Montgomery, Alabama — The Supreme Court of Alabama issued a ruling this week concluding that the definition of the word “child” includes the unborn.
While the case was not related to abortion, it did involve the central question of whether preborn babies could be protected under the law as children. The issue before the bench was a criminal matter where two women had been prosecuted for using illegal drugs while pregnant. Alabama state law prohibits exposing children to controlled substances, which is considered child endangerment.
In 2000, Hope Ankrom and her newborn son tested positive for cocaine following his birth. She was put on probation for a year. In 2008, Amanda Kimbrough’s newborn son died less than 20 minutes after being born due to “acute methamphetamine intoxication.” She was sentenced to 10 years imprisonment.
The question at hand was whether the law applied to the women since their children were yet unborn at the time that they were exposed to the narcotics. The Alabama Supreme Court concluded that it did.
“The plain meaning of the word ‘child’ in the chemical endangerment statute includes unborn children,” the unanimous ruling affirmed.
It then proceeded to outline that most case law recognizes the unborn as being protected under the law as persons.
“The decision of this Court today is in keeping with the widespread legal recognition that unborn children are persons with rights that should be protected by law,” the court ruled. “Furthermore, the decision in the present cases is consistent with the Declaration of Rights in the Alabama Constitution, which states that ‘all men are equally free and independent; that they are endowed by their Creator with certain inalienable rights; that among these are life, liberty and the pursuit of happiness.’”
It asserted that the only court that needs to catch up with this conclusion is the United States Supreme Court.
“Today, the only major area in which unborn children are denied legal protection is abortion, and that denial is only because of the dictates of Roe,” the panel wrote.
Following its release, Alabama Attorney General Luther Strange applauded the decision.

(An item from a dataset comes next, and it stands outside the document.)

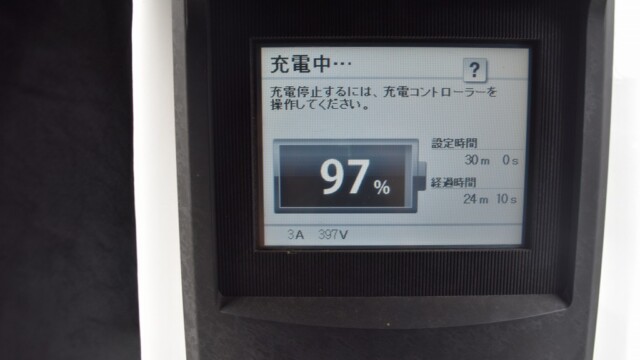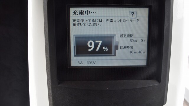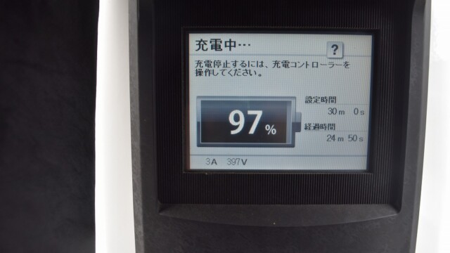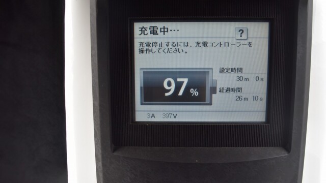 充電器の設定時間まるまる30分を使って充電しました。

“The Court has ratified our argument that the public policy of our state is to protect life, both born and unborn,” he said. “It is a tremendous victory that the Alabama Supreme Court has affirmed the value of all life, including those of unborn children whose lives are among the most vulnerable of all.”
Mat Staver of Liberty Council, a branch of Liberty University in Lynchburg, Virginia, was also pleased with the ruling. His organization had filed an amicus brief in the case.
“The U.S. Supreme Court’s abortion cases are an aberration to law and stand on an island by themselves, and that island will one day disappear,” he commented in a statement. “In personal injury, criminal, and wills and estate law, the trend has been to recognize the unborn child as a human with legal protections, not merely a ‘potential’ human being.”
In deciding Roe v. Wade, the U.S. Supreme Court remarked that if it could be established that the unborn are indeed persons, abortion would come to an end.
“If this suggestion of personhood is established, the appellant’s case, of course, collapses, for the fetus’ right to life would then be guaranteed specifically by the [Fourteenth] Amendment,” the 1973 decision outlined.